Commanders and leaders
- Rojda Felat (YPJ commander) Nuri Mahmoud (MFS commander): Abu Bakr al-Baghdadi (Leader of ISIL)

Units involved
- Syrian Democratic Forces People's Protection Units (YPG, the leading group); Women's Protection Units (YPJ); Liwa Thuwar al-Raqqa; Army of Revolutionaries Northern Sun Battalion Liwa Jund Al Haramayn; Euphrates Martyrs Battalion; Free Jarabulus Battalion; ; Seljuk Brigade; Kurdish Front; ; Al-Sanadid Forces; Syriac Military Council (MFS) Bethnahrain Women Protection Forces; ; ; United States special operations forces: Military of ISIL

Strength
- 12,000–30,000 fighters: 5,000–8,000 fighters (inside Raqqa city)

Casualties and losses
- 18 SDF fighters killed 1 US soldier wounded: 79 killed

= Northern Raqqa offensive =

2016 military offensive

The Northern Raqqa offensive was a 2016 military offensive launched by the Kurdish-led Syrian Democratic Forces against the Islamic State of Iraq and the Levant in northern Raqqa Governorate, in order to prepare for a future attack on the city of Raqqa. The offensive was launched in coordination with airstrikes by the US-led Combined Joint Task Force – Operation Inherent Resolve. After 30 May, the offensive stalled, as the SDF shifted its focus and resources to another operation in the northern Aleppo Province.

== Background ==
On 1 April 2016, Democratic Union Party (PYD) leader Salih Muslim stated that Syrian Democratic Forces (SDF) forces were preparing with the US-led coalition to launch an offensive on Raqqa.

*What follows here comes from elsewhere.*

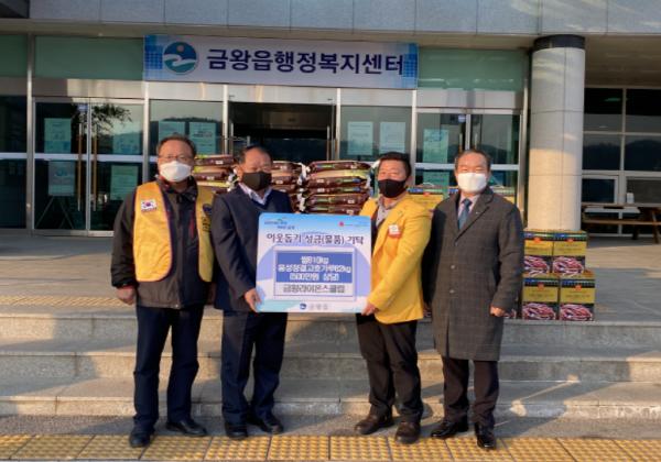 같은 날, 금왕라이온스클럽에서도 지역 내 어려운 이웃을 위해 사용해달라며 쌀 810kg(10kg 81포)와 음성청결고춧가루 62kg(1kg 62팩) 등 총 500만원 상당의 물품을 기탁했다.

U.S. Central Command Commander General Joseph L. Votel, the highest-ranking U.S. military official to visit Syria since the war erupted in 2011, came to Northern Syria in May 2016.

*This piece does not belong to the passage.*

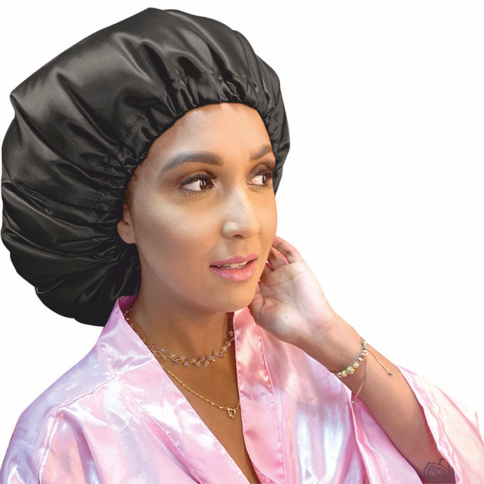 TOUCA GRANDE DE CETIM PRETA ANTI-FRIZZ SANTA CLARA

Kurdish forces established a stronghold about 37 kilometers (23 miles) north of Raqqa. ISIL reportedly used the residents of Raqqa as human shields, preventing them from leaving the city.

According to Joshua Walker of the German Marshall Fund, Raqqa could be "the beginning of the end" for ISIL, and the most important offensive since Kobani in 2015.

== Preparations ==
On 20 May the US-led coalition dropped leaflets on the city, encouraging the residents to leave.

The SDF is led and dominated by YPG forces, which generally consist of Kurds. To avoid ethnic tensions with Raqqa's majority Arab population, US special forces trained more than 200 Arab fighters to take part in the offensive.

The announcement for the offensive was made on 24 May, when the 30,000-strong SDF announced the offensive, "with participation from all SDF units", mobilising thousands of fighters in the countryside north of Raqqa, with the aim of expelling ISIL fighters from north of al-Raqqa.

The US-led coalition stated that it would provide air support for the offensive. Russian foreign minister Sergei Lavrov announced that his country was ready to coordinate with U.S. and Kurdish forces in the offensive, but the U.S., distrustful of the Russian establishment, turned down the offer.

== The offensive ==
The SDF, led by the YPG, started an offensive on 21 May 2016 against ISIL and managed to capture the village of al-Hishah, near the town of Ayn Issa. During the fighting eight ISIL fighters were killed. In the following days, additional SDF fighters were mobilized from Tell Abyad to Ayn Issa. ISIL fighters in Raqqa responded by creating defensive lines and tunnels in the city. Two days later, seven Coalition airstrikes on ISIL positions were confirmed. On 25 May, the SDF took control of the Namrodia and Matmashraja villages near Ayn Issa.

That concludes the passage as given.